One of which is that once you lose cooling and can't get it restarted, you will inexorably have to vent hydrogen into a closed space full of air. Another is that there is no way to vent it to the outside to reduce the effects of an explosion.
The hydrogen was vented inside the containment on purpose, to allow activation products to decay. It could be vented outside the containment, but this would increase the radiation emissions, which the operators desperately wanted to minimize at that point. Hydrogen explosion was deemed an acceptable risk. It looks like this kind of mindset, "reduce public radiation exposure at all cost", is what caused the situation to escalate.
Another is that if the cooling system is completely bunged, there's no way to throw external coolant on the thing that has any effect.
The design assumption was that once cooling completely fails, the reactor will be drained, sealed and allowed to melt down.
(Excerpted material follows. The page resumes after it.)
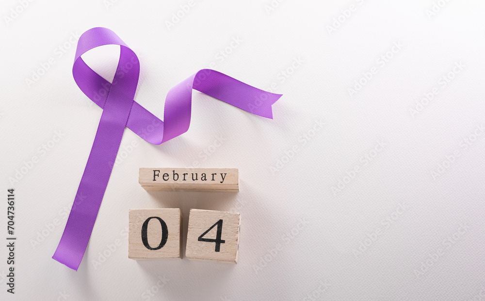 Purple ribbon on white background for supporting World Cancer Day campaign on February 4.

But this would necessitate a very costly cleanup which TEPCO wanted to avoid.
And another is that they stored the "spent" fuel rods in bunches in what is basically an open swimming pool, so that any chance it gets to evaporate the water around it will result in a fire.
Storing them elsewhere would necessarily expose the workers to more radiation. The point of the temporary storage near the reactor is to allow the fuel to lose most of its radioactivity before it is moved to a longer-term storage location.
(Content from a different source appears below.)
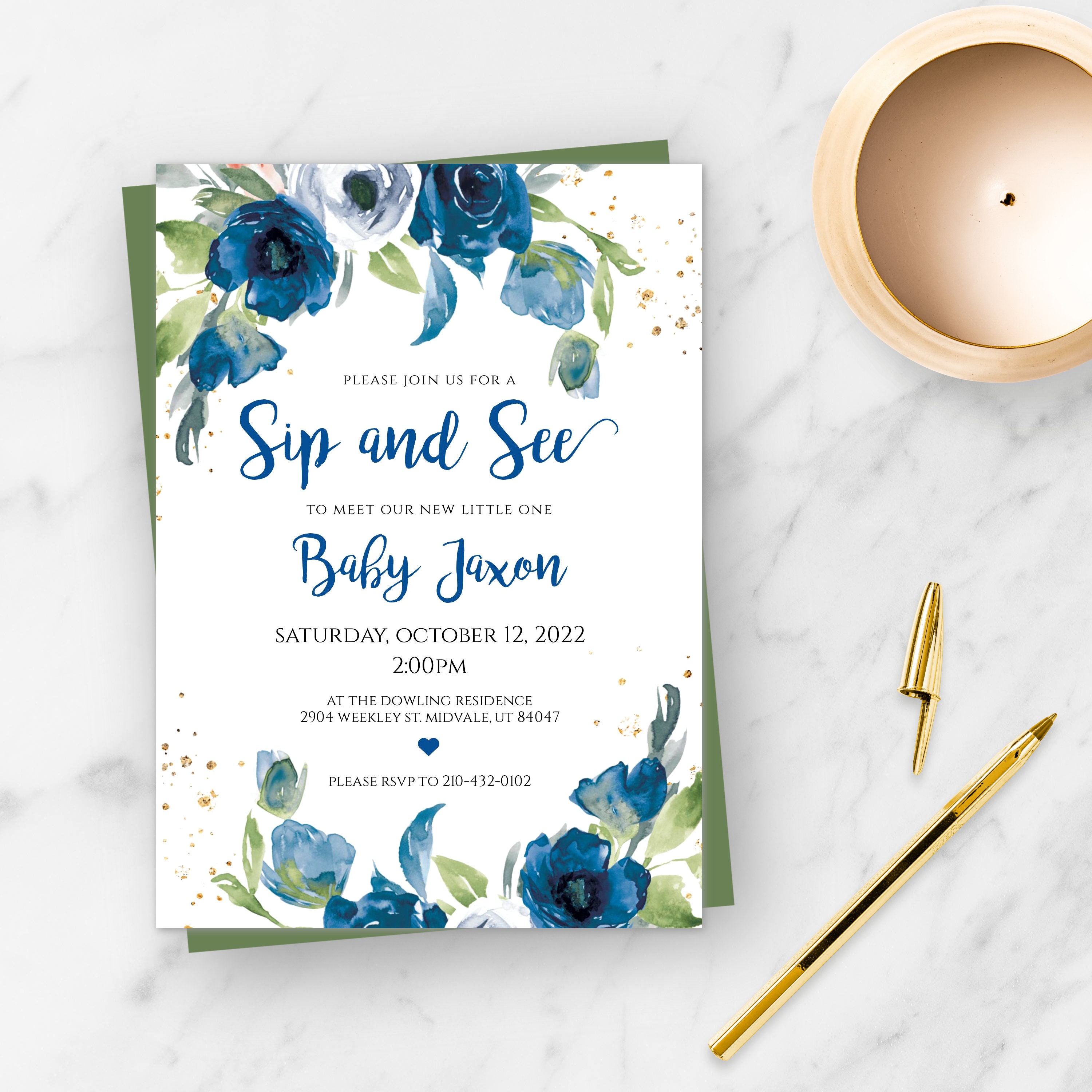 Sip and See Invitation Template for Boy Baby Shower, Blue Floral Meet ...

What's criminal here is that these things were known to be bad assumptions long ago, but these reactors were operating as originally installed.
Each of the design considerations had a lot of thought behind it. The real problem is that the nuclear safety regulations are not based on a realistic risk analysis, but on fantasies (e.g. child drinking maximally contaminated water for an entire year, or somebody eating exclusively spinach for an entire year). As a result, the operators focused minimizing public radiation exposure rather than on stabilizing the facility, which was actually counterproductive.
Those who would give up liberty to obtain working drivers, deserve neither liberty nor working drivers.
put it into perspective will you. to replace all four permanently damaged reactors at fukishma japan will need to replace roughly 3,000MW of generating capacity.
Wind turbines are roughly 25% efficient in the real world. that means on average a standard 5 MW turbine is really only good for 1.25 MW.
which means to replace the 4 reactors you need roughly 2,500 5 MW wind turbines. or three times the size of the worlds largest wind farm built to date which covers nearly 400km2 of used land area.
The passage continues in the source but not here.